Oh well spotted! Fixed that now, thanks.


----------



## Goughy (Feb 24, 2018)

Along the same lines, maybe "HOME" at the top of lightroomqueen.com/community/ should go back to the lightroomqueen.com home page rather than the forums home page. I couldn't see any other obvious link back to the main site.


----------



## Victoria Bampton (Feb 24, 2018)

Haven't figured out how to do that yet!  When I can figure out how, the main menubar to the LRQ site will appear at the top of the page. That bit's not quite so simple though, it seems.


----------



## OogieM (Feb 24, 2018)

Jim Wilde said:


> The only "problem" is the 1Password conflict with now having two separate logins to the same domain.


Same problem here but I can't seem to get my login to work even if I set the password to be the same.


----------



## Goughy (Feb 24, 2018)

OogieM said:


> Same problem here but I can't seem to get my login to work even if I set the password to be the same.



But somehow you logged in here to post this message? 

The correct password for the new forums will be the old one for the lightroomforums.net login. I found that on my Mac, the keychain was initially populating the password field for the new forum login with the password for lightroomqueen.com which didn't work for logging in to the new forums. I used the old password to login to the forum and changed it in preferences to be the same as my lightroomqueen.com password.

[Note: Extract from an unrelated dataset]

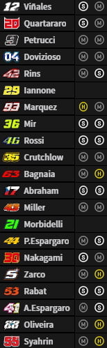 Valentino Rossi est alors 15e, Cal Crutchlow 16e, Pol Espargaró 17e et Johann Zarco 18e.

Sounds confusing, but I hope it helps.


----------



## Goughy (Feb 24, 2018)

Victoria Bampton said:


> Haven't figured out how to do that yet!  When I can figure out how, the main menubar to the LRQ site will appear at the top of the page. That bit's not quite so simple though, it seems.



The HOME on lightroomqueen.com/community/ now seems to work as I suggested.  It provides a link back to the main lightroomqueen.com home page. Thanks!


----------



## Duncanh (Feb 24, 2018)

OogieM said:


> Same problem here but I can't seem to get my login to work even if I set the password to be the same.


I first tried making password the same and it didn’t work, I then deleted both 1Password logins and recreated them and it then worked ok. I also used my email address on both compared to the username, don’t know if that helps as well.


----------



## Victoria Bampton (Feb 24, 2018)

Duncanh said:


> I also used my email address on both compared to the username, don’t know if that helps as well.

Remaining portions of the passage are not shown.